There are any number of ways an employer could choose to match employee Health FSA contributions. Here are just some examples of how employer contributions might work:
Let’s assume a $500 match for all, then dollar for dollar above $500 in employee contributions (up to IRS max):
A percentage of the employee contribution – let’s say 75% (up to IRS max):
A set maximum one-to-one dollar match – let’s say up to $200 (up to IRS max):
Are there other types of plans that allow employer contributions?
Another type of FSA plan with employer contributions is one that involves flexible credits. I’ve heard them called Defined Contribution Plans; I participated in one back in the 1990’s. We do not administer these plans and they are not as popular as they once were.
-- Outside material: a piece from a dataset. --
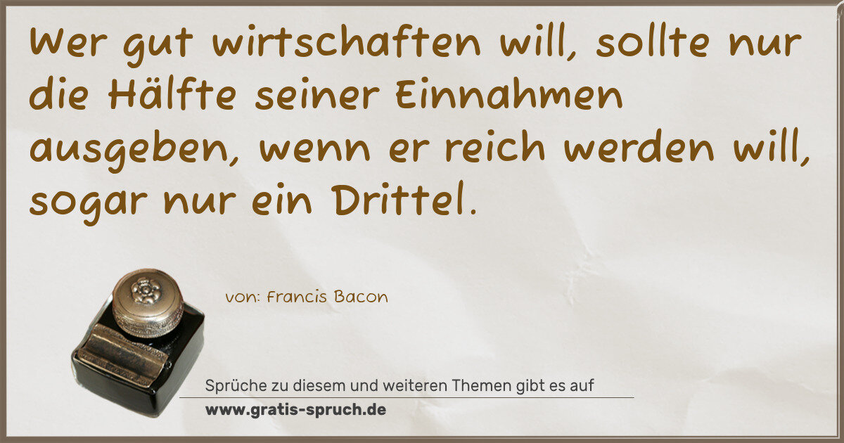 Wer gut wirtschaften will, sollte nur die Hälfte seiner Einnahmen ausgeben, wenn er reich werden will, sogar nur ein Drittel.
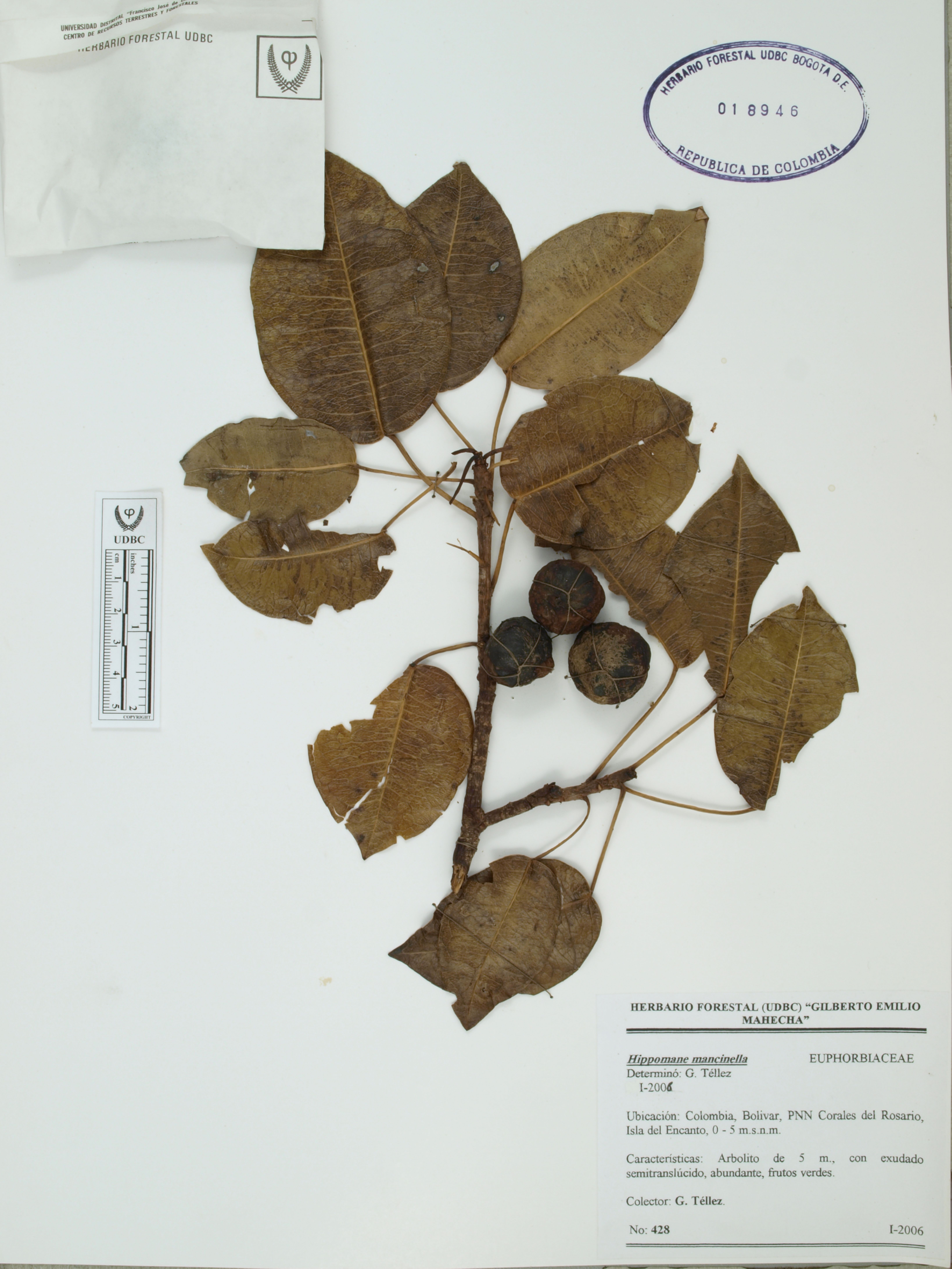 Fotografía del ejemplar Téllez, G. 428, determinado como Hippomane mancinella en el año 2006

In this type of plan, an employer makes a certain amount of money available to employees to spend on an array of employee benefits like medical, dental, vision, Health FSA, Dependent Care Account, Health Savings Account, short-term disability, long-term disability, and retirement accounts. The employee would take these “employer credits” and apply them to whatever available benefits they choose. If the money didn’t go as far as the employee wanted, they would pay the balance of the cost with pre-tax dollars through a salary reduction. However, with ever-rising healthcare/benefits costs, that “pot of money” just doesn’t go as far as it did in the 1990’s, hence the decline in interest in these plans.
The bottom line
An employer looking to add contributions to a Health FSA should consider their end goal. Is it to increase participation in the plan? Reward participants for contributing more? Or, simply allow additional funding for employee out-of-pocket expenses. Maybe it’s a combination of all the above – you have the flexibility! Ready to get started? Contact us and we can help you arrive at a formula that works best for you.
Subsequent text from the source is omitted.